**GOAL OF THE EXERCISE**
Beginning with the line that holds "ARAZZO in succo" in the data below, give again every line through the one that holds "He highlighted that", exactly as written.

**EXTRACTED RECORDS**
.....
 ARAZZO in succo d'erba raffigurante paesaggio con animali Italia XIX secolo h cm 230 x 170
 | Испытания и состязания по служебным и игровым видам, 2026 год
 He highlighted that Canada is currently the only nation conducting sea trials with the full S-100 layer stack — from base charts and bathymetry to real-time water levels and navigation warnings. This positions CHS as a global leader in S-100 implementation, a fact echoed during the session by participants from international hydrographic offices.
.....
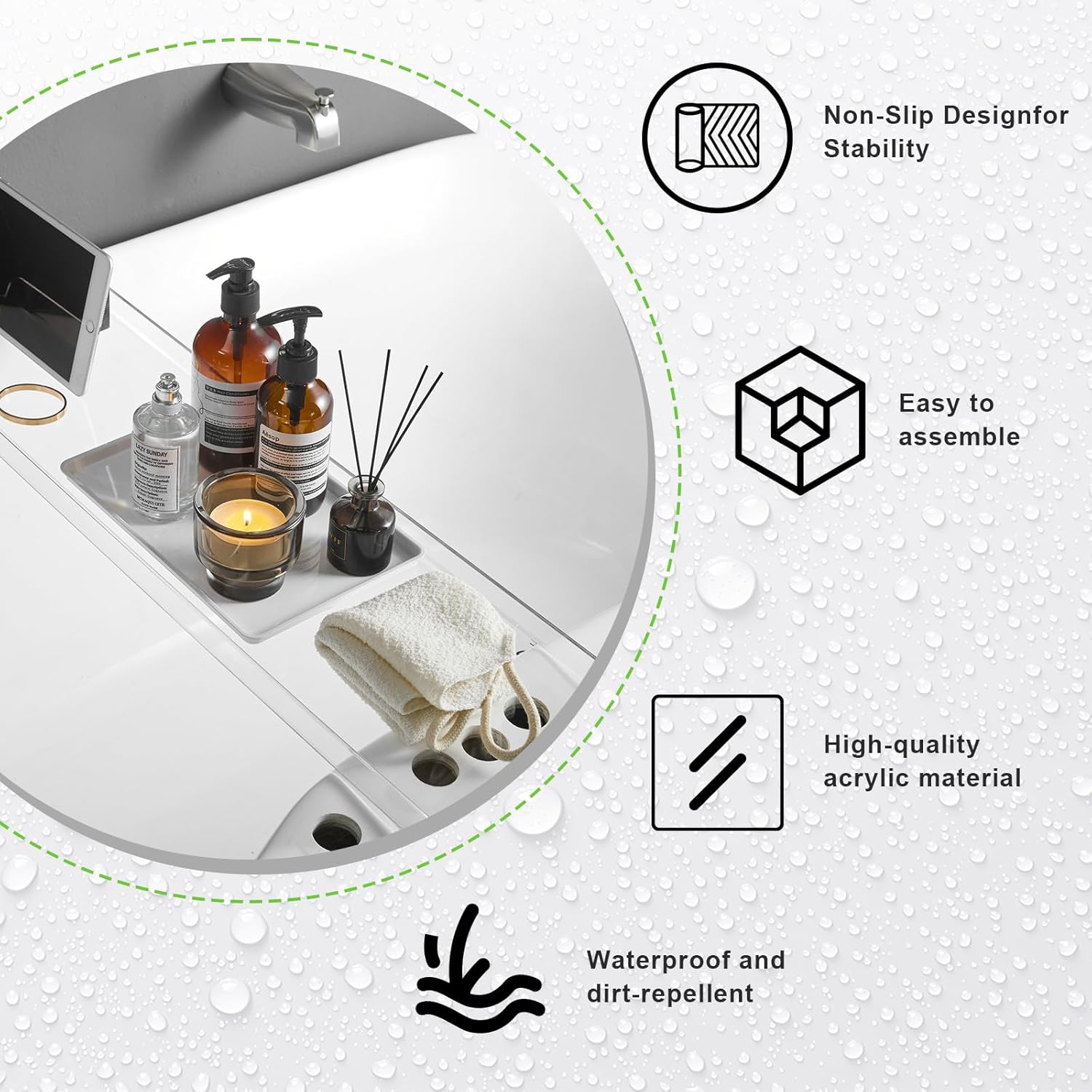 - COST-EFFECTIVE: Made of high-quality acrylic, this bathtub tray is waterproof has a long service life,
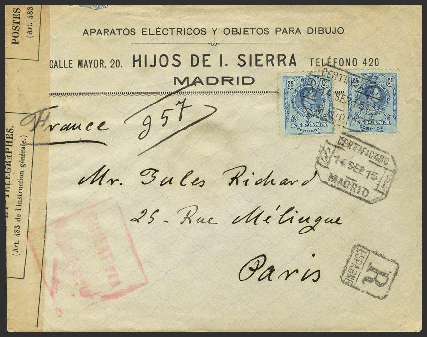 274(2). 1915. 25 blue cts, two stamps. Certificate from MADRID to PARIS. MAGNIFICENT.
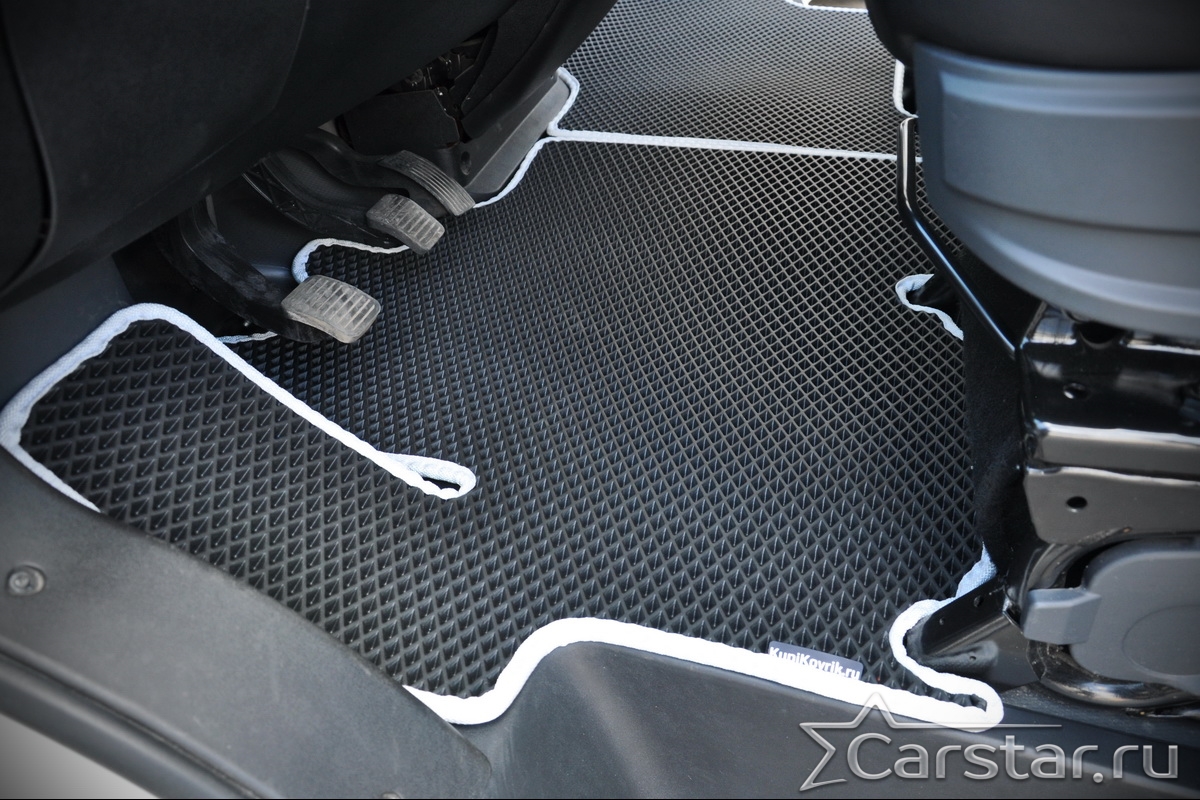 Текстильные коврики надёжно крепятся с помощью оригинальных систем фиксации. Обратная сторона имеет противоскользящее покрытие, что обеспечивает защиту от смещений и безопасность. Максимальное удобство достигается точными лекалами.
.....
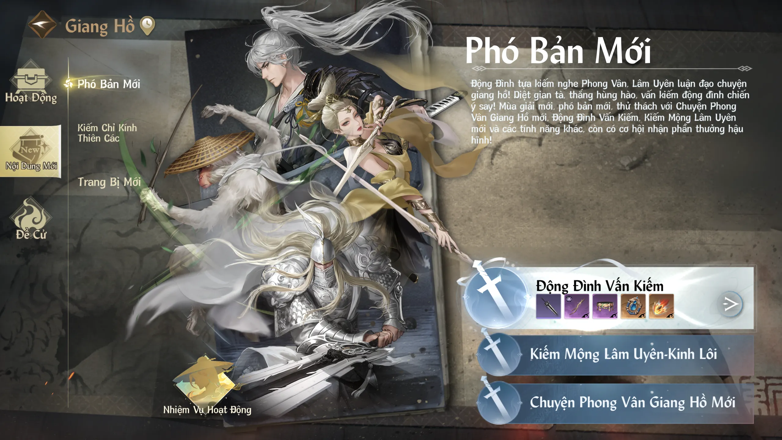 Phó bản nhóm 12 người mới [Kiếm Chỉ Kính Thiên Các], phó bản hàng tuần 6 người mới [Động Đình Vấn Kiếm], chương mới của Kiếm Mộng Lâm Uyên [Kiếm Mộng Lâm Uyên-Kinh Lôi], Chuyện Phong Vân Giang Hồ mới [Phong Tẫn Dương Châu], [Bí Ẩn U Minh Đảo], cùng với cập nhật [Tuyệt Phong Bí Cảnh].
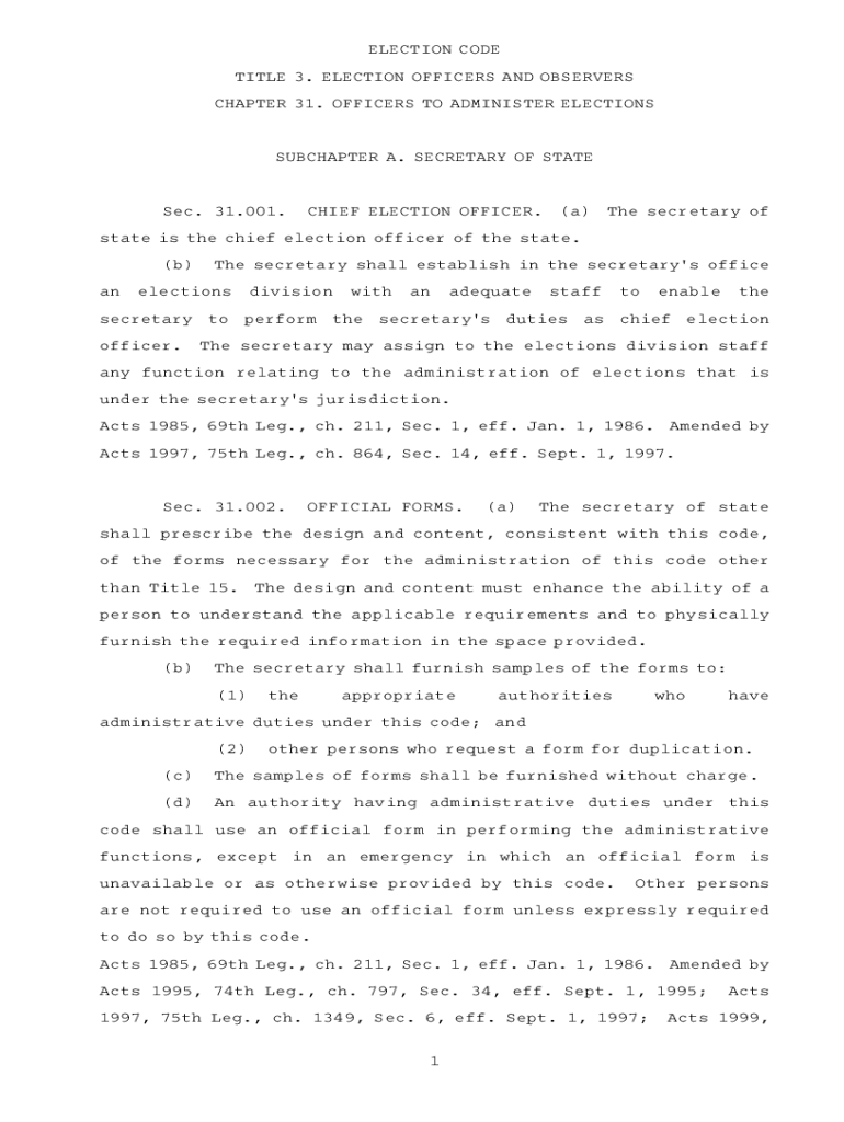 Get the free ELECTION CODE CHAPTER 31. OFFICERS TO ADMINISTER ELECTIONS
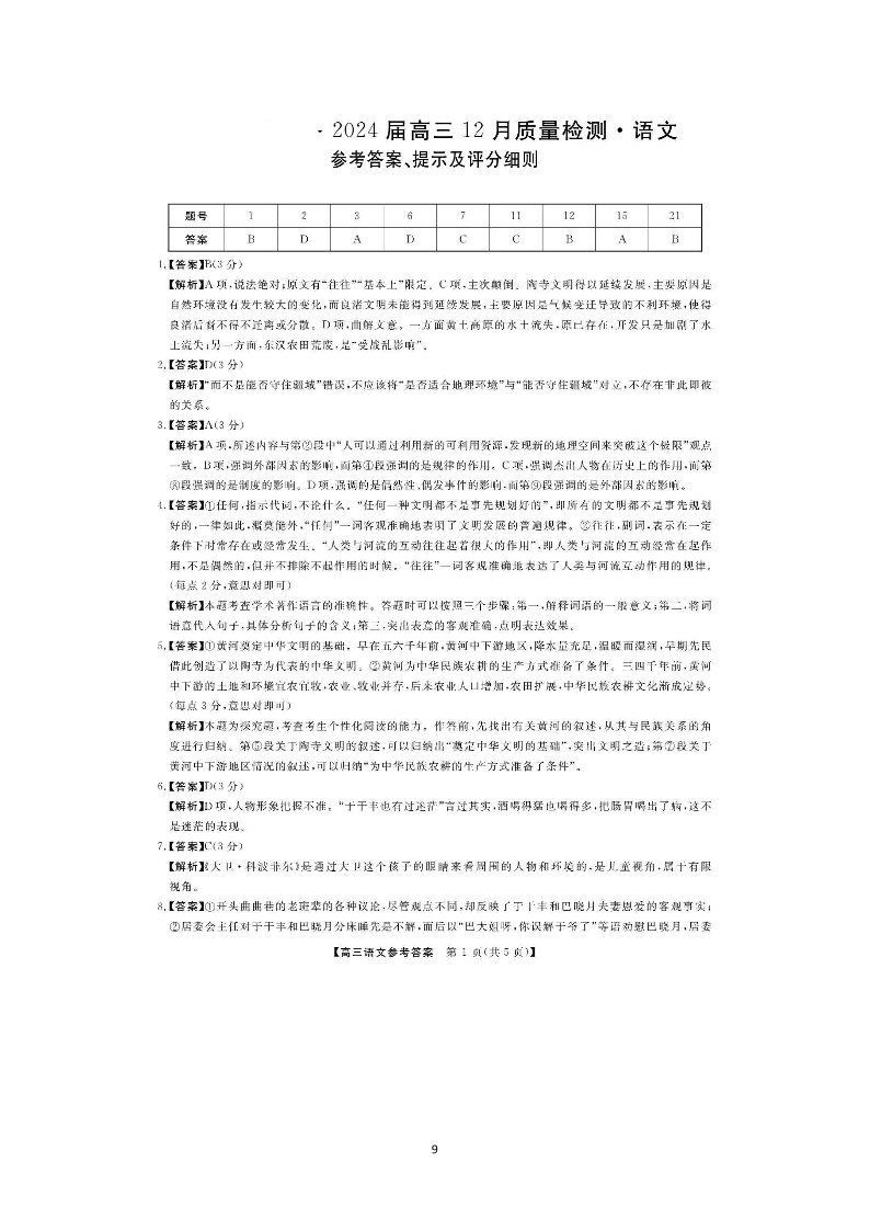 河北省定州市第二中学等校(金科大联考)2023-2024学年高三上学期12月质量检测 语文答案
.....
**SOLUTION**
 ARAZZO in succo d'erba raffigurante paesaggio con animali Italia XIX secolo h cm 230 x 170
 | Испытания и состязания по служебным и игровым видам, 2026 год
 He highlighted that Canada is currently the only nation conducting sea trials with the full S-100 layer stack — from base charts and bathymetry to real-time water levels and navigation warnings. This positions CHS as a global leader in S-100 implementation, a fact echoed during the session by participants from international hydrographic offices.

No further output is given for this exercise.